| REQUIREMENT |
In your reply, print every line of the listing exactly and omit all images.

| SOURCE MATERIAL |
--------------------------------------------------

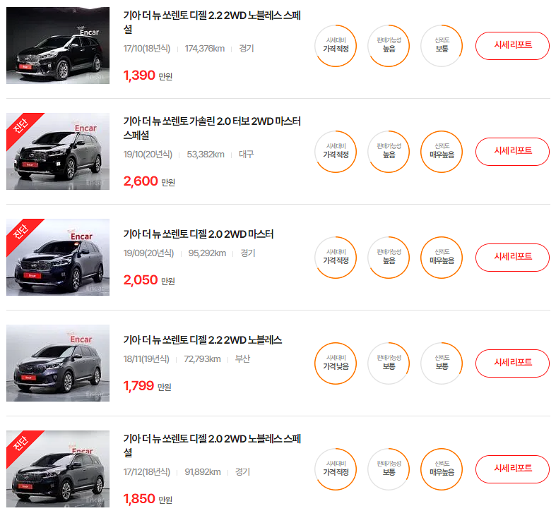 17-20년식 더 뉴 쏘렌토 중고차 시세
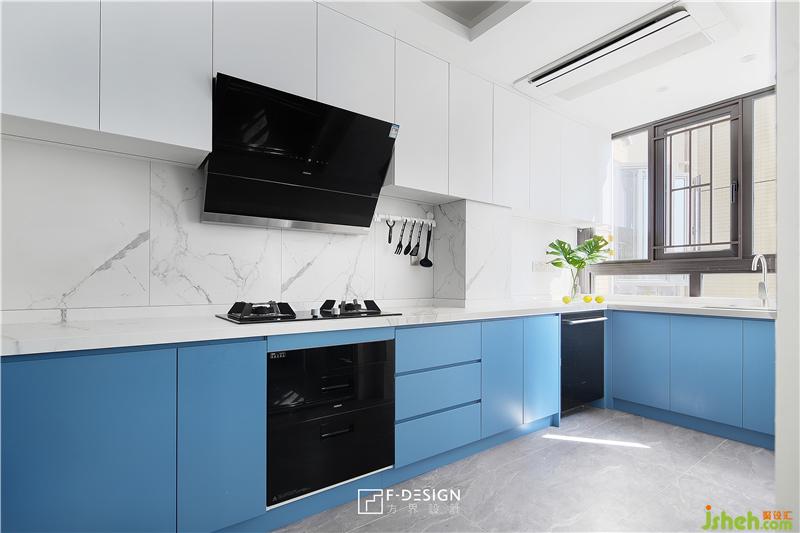 廚房空間增添了業(yè)主喜歡的藍(lán)色基調(diào),廚房的功能區(qū)分布也很清晰明確,L型櫥柜,物品收納井然整潔有序。
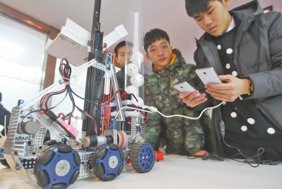 咱鄭州的學(xué)生“玩”機(jī)器人很有一手!11月23日~24日,2015世界青少年機(jī)器人邀請(qǐng)賽在北京舉行,鄭州二中8名高中生組成的隊(duì)伍“殺入”四強(qiáng),國內(nèi)排名第二,并榮獲最佳設(shè)計(jì)獎(jiǎng)。昨日,記者見到了剛剛比賽歸來的學(xué)生們和他們?cè)O(shè)計(jì)的機(jī)器人。

--------------------------------------------------

| FINAL ANSWER |
 17-20년식 더 뉴 쏘렌토 중고차 시세
 廚房空間增添了業(yè)主喜歡的藍(lán)色基調(diào),廚房的功能區(qū)分布也很清晰明確,L型櫥柜,物品收納井然整潔有序。
 咱鄭州的學(xué)生“玩”機(jī)器人很有一手!11月23日~24日,2015世界青少年機(jī)器人邀請(qǐng)賽在北京舉行,鄭州二中8名高中生組成的隊(duì)伍“殺入”四強(qiáng),國內(nèi)排名第二,并榮獲最佳設(shè)計(jì)獎(jiǎng)。昨日,記者見到了剛剛比賽歸來的學(xué)生們和他們?cè)O(shè)計(jì)的機(jī)器人。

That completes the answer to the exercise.